Not my experience. Raw horse meat has more meat flavour, possibly because beef carpaccio and tartare use (bland) eye fillet and taste more of the accoutrements.
This. Raw horse meat with grated daikon is amazing, and it doesn’t really need any soy - the umami bomb of sliced raw horse should be enough. Any food I’ve had to fight my teenage children for must be good.
Is taboo about horse meat purely a Anglosphere thing?
The horse meat I had was in France. When I had it, it was a cutlet / steak type cut, simply pan seared. It was very lean, and aside from a minerally livery flavor similar to hangar steak, it was in my experience, otherwise bland.
Edited to add: raw meat dishes use the leanest cuts because no one wants to eat raw waxy pieces of fat. Hence the use of tenderloin, and hence the importance of the strong flavored and savory accoutrements (most Steak Tartare dishes in restaurants are criminally under-seasoned.)

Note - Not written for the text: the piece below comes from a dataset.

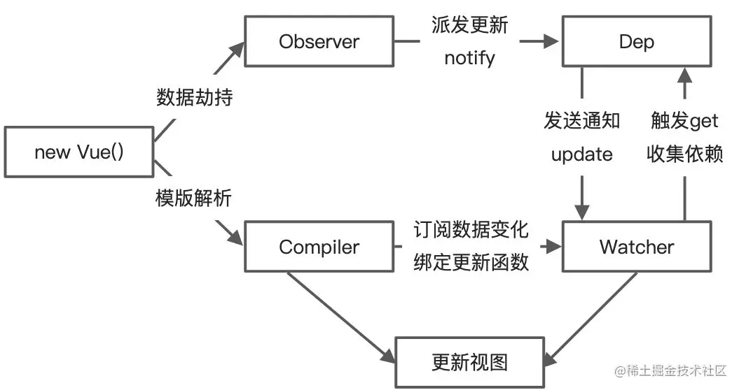 dep通知所有的watcher更新视图 - 自身实例化的时候向
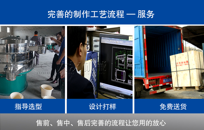 大漢機械生產的三次元振動篩具備完善的制作工藝流程,從您主動聯系大漢的那一刻開始,我們進為您安排一對一的專業跟蹤,讓我們我技術人員為您打造專屬于您的設計方案,直到我們的方案讓您滿意后,再投入后期的生產制造。

So given horse meat’s ultra leanness and its slightly gamey flavor, I do agree that it would be best enjoyed in raw preparations. And if my food history memory serves me well, I do believe that Steak Tartare in France was originally prepared with horse meat, pre WWII.

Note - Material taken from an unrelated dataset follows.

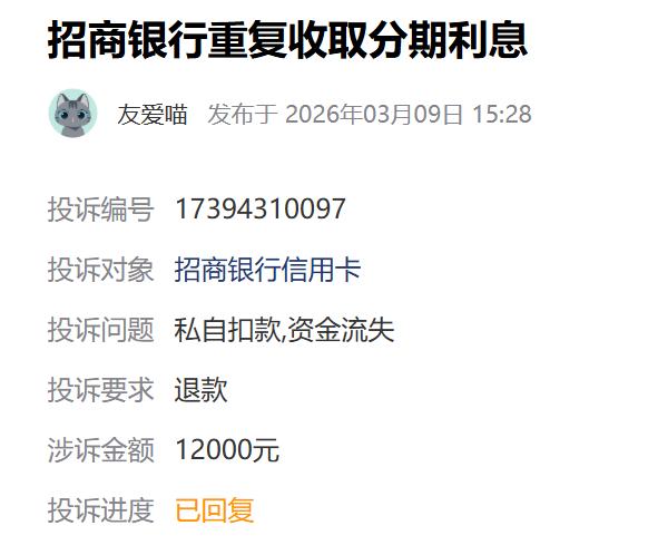 还有用户投诉表示,最近发现招商银行有额外重复收取用户两张银行卡分期账单利息的问题,而且持续1-2年,金额超万元。

That seems to be the case from my limited knowledge on the subject. Places like France and Germany are fine with it, as well as Asian countries like Japan. For whatever reason though English speaking people just go nuts when you suggest eating horses.

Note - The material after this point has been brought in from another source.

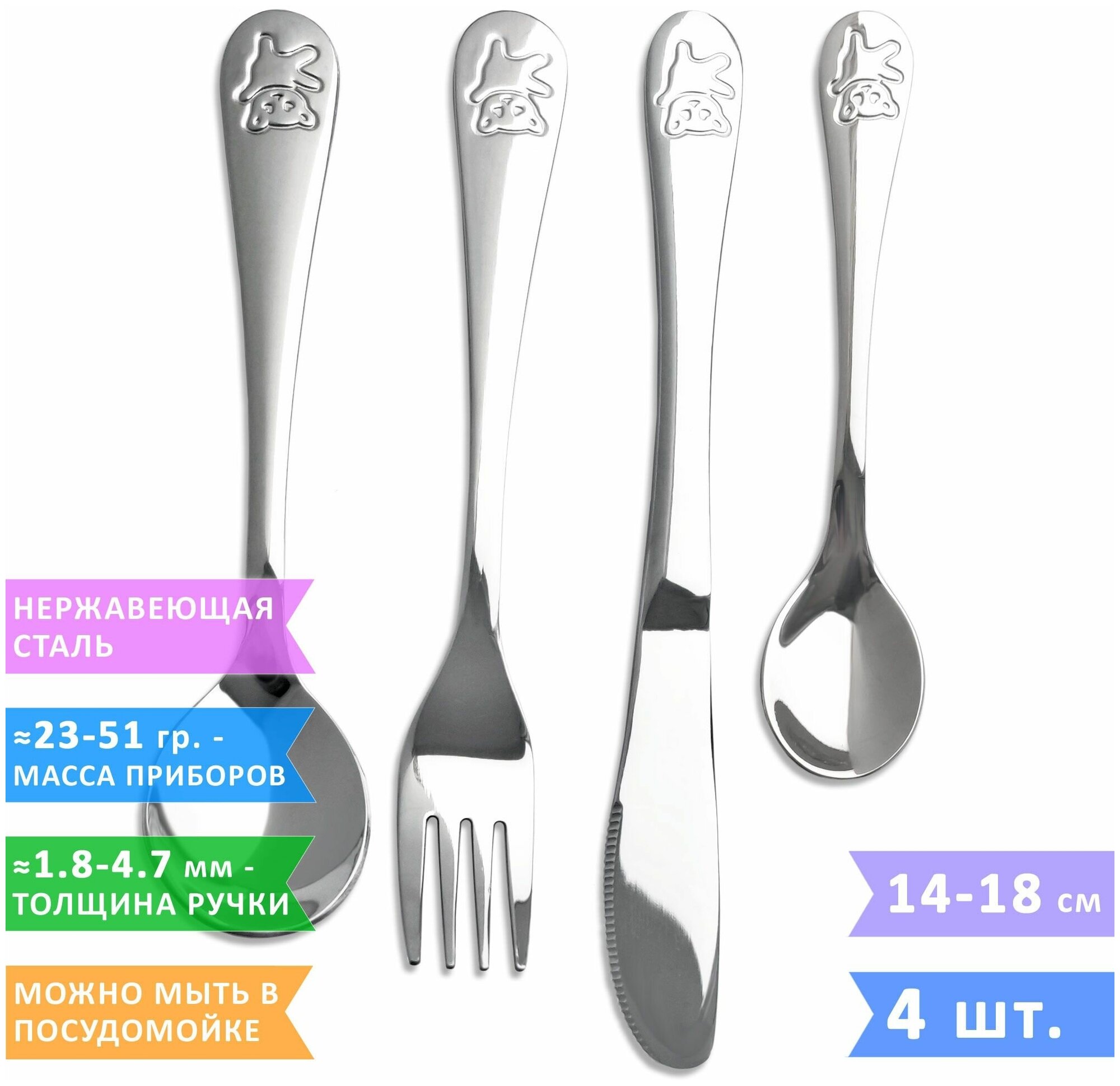Купить Набор детских столовых приборов VELERCART KIDS (1 столовая ложка, 1 вилка, 1 нож и 1 чайная ложка), нержавеющая сталь, 4 предмета

Mettwurst sometimes has horse in it. It’s one of my favorite sausages.
My guess is that the invention and adoption of the automobile is what pushed the use of horses as beasts of burden and their consumption as a food (mostly by working class or poor people) into the taboo zone. Horses became animals used only for recreation by the wealthy and aristocratic. At the same time industrialized factory farming came about (post WW1) and beef became more accessible. Horses were then ennobled and culturally sacrosanct.
Sure that explains why horse meat isn’t commonly consumed, but it doesn’t explain why English speaking countries in particular are so strongly against it.